答案： 11.$(3,8)$ 解析：$\because$抛物线为$y = -2(x - 3)^2 + 8$，$\therefore$抛物线的顶点坐标为$(3,8)$。故答案为$(3,8)$。

答案：
12.$\frac{1}{2}$ 解析：如图，在$\triangle ACD$中，$\because \angle ADC = 90°$，$CD = 2$，$AD = 4$，$\therefore \tan A = \frac{CD}{AD} = \frac{2}{4} = \frac{1}{2}$。故答案为$\frac{1}{2}$。

答案： 13.$3\sqrt{5} - 3$ 解析：由于P为线段$AB = 6$的黄金分割点，且AP是较长线段，则$AP = 6× \frac{\sqrt{5} - 1}{2} = 3\sqrt{5} - 3$。故答案为$3\sqrt{5} - 3$。

答案：
14.$6\pi$ 解析：如图，连结OC，OD，$\because$C，D是以AB为直径的半圆周的三等分点，$\therefore \angle AOC = \angle COD = \angle BOD = 60°$。又$\because OC = OD$，$\therefore \triangle OCD$是等边三角形，$\therefore \angle CDO = 60°$，$OD = CD = 6cm$，$\therefore \angle CDO = \angle BOD$，$\therefore CD// AB$，$\therefore S_{\triangle OCD} = S_{\triangle ACD}$，$\therefore S_{阴影} = S_{扇形OCD}$。又$\because S_{扇形OCD} = \frac{60× \pi× 6^2}{360} = 6\pi(cm^2)$，$\therefore S_{阴影} = 6\picm^2$。故答案为$6\pi$。

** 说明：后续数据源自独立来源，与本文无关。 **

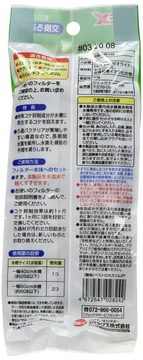 商品紹介商品名GEX ベストロカコケを抑えるスリムマット2個内容量2個サイズ5.5×1.4×13.5cm材質PET、PP、ゼオライト、セルロース、有機窒素イオウ化合物備考※パッケージデザイン等は予告なく変更されることがあります。※メーカー都合により商品のリニューアル・変更及び原産国の変更がある場合があります。製造国・原産国中国発売元・販売元ジェックスJANコード4972547028242使用上の注意※すでに発生したコケを除去する効果はありません。また、光の強さ、水質、水槽の設置場所等の飼育環境によってはコケの発生を抑えられない場合があります。※他の薬剤や吸着性の高いろ過材(活性炭など)と併用しないでください。活性炭入りのろ過材と併用するとろ過材内の有効成分を吸着し効果がなくなる恐れがありますのでご注意ください。原材料・成分PET、PP、ゼオライト、セルロース、有機窒素イオウ化合物使用方法本製品を水道水で軽くすすいでからご使用ください。使用量の目安:~幅40cm水槽(約25リットル以下)/1コ、~幅60cm水槽(約60リットル以下)/2コご注意(免責)>必ずお読みください●分類上、藻類に含まれるウィローモスなど、一部の水草の成長を阻害することがあります。ご注意ください。●古代魚(アロワナ・ナマズ等)、甲殻類(エビ・カニ等)の飼育水槽には使用しないでください。
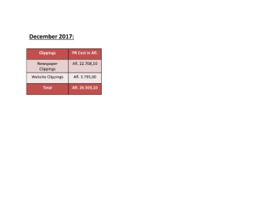December 2017: Clippings PR Cost in Afl. Newspaper Afl. 22.708,10 Clippings Website Clippings Afl. 3.795,00 Total Afl. 26.503,10

答案： 15.2或6 解析：由抛物线$y = a(x - h)^2 + k$向左平移m个单位得到抛物线$y = a(x - h + m)^2 + k$，而$A(-1,1)$，$B(3,1)$向左平移2或6个单位得到点$(-3,1)$，得$m = 2$或6。故答案为2或6。

答案：
16.$\frac{\sqrt{10}}{5}$ 解析：如图，过点E作$PQ// BC$交AB于点P，交AC于点Q，则$\triangle APE\sim \triangle ABD$，$\triangle AQE\sim \triangle ACD$，$\therefore \frac{PE}{BD} = \frac{AE}{AD} = \frac{EQ}{DC}$。$\because BD = 2DC$，$\therefore \frac{PE}{2DC} = \frac{EQ}{DC}$，$\therefore \frac{PE}{EQ} = \frac{2DC}{DC} = 2$，$\therefore PE = 2EQ = PQ - EQ$，$\therefore EQ = \frac{1}{3}PQ$。$\because \triangle ABC$是等腰直角三角形，$\angle BAC = 90°$，$\therefore AB = AC$，$\angle ABC = \angle ACB = 45°$，$\therefore \angle BPE = \angle EQC = 135°$，$\angle APQ = \angle AQP$，$\therefore AP = AQ$，$\therefore BP = AB - AP = AC - AQ = QC$。$\because \angle BEC = 135°$，$\therefore \angle QEC + \angle PEB = 45°$，$\therefore \angle PBE + \angle PEB = \angle APQ = 45°$，$\therefore \angle PBE = \angle QEC$，$\therefore \triangle PBE\sim \triangle QEC$，$\therefore \frac{BP}{EQ} = \frac{PE}{QC}$，$\therefore QC^2 = 2EQ^2$，$\therefore QC = \sqrt{2}EQ = \sqrt{2}× \frac{1}{3}PQ = \frac{\sqrt{2}}{3}PQ$。$\because PQ = \sqrt{AP^2 + AQ^2} = \sqrt{2}AQ$，$EQ = \frac{\sqrt{2}}{2}QC$，$\therefore QC = \frac{\sqrt{2}}{3}× \sqrt{2}AQ = \frac{2}{3}AQ = \frac{2}{3}(AC - QC)$，$\therefore QC = \frac{2}{5}AC$，$\therefore EQ = \frac{\sqrt{2}}{2}× \frac{2}{5}AC = \frac{\sqrt{2}}{5}AC$。$\because \angle CQE = \angle BEC = 135°$，$\angle CEQ = \angle BCE$，$\therefore \triangle CEQ\sim \triangle BCE$，$\therefore \frac{EQ}{CE} = \frac{CE}{BC}$，$\therefore CE^2 = EQ· BC = \frac{\sqrt{2}}{5}AC× \sqrt{2}AC = \frac{2}{5}AC^2$，$\therefore \frac{CE^2}{AC^2} = \frac{2}{5}$，$\therefore \frac{CE}{AC} = \frac{\sqrt{10}}{5}$。故答案为$\frac{\sqrt{10}}{5}$。

答案： 17.解：
(1)$\cos 30° · \tan 60° - \sqrt{2}\sin 45° = \frac{\sqrt{3}}{2}× \sqrt{3} - \sqrt{2}× \frac{\sqrt{2}}{2} = \frac{3}{2} - 1 = \frac{1}{2}$。
(2)$\because x:y = 1:2$，$\therefore y = 2x$，$\therefore \frac{3x - y}{x + 2y} = \frac{3x - 2x}{x + 4x} = \frac{1}{5}$。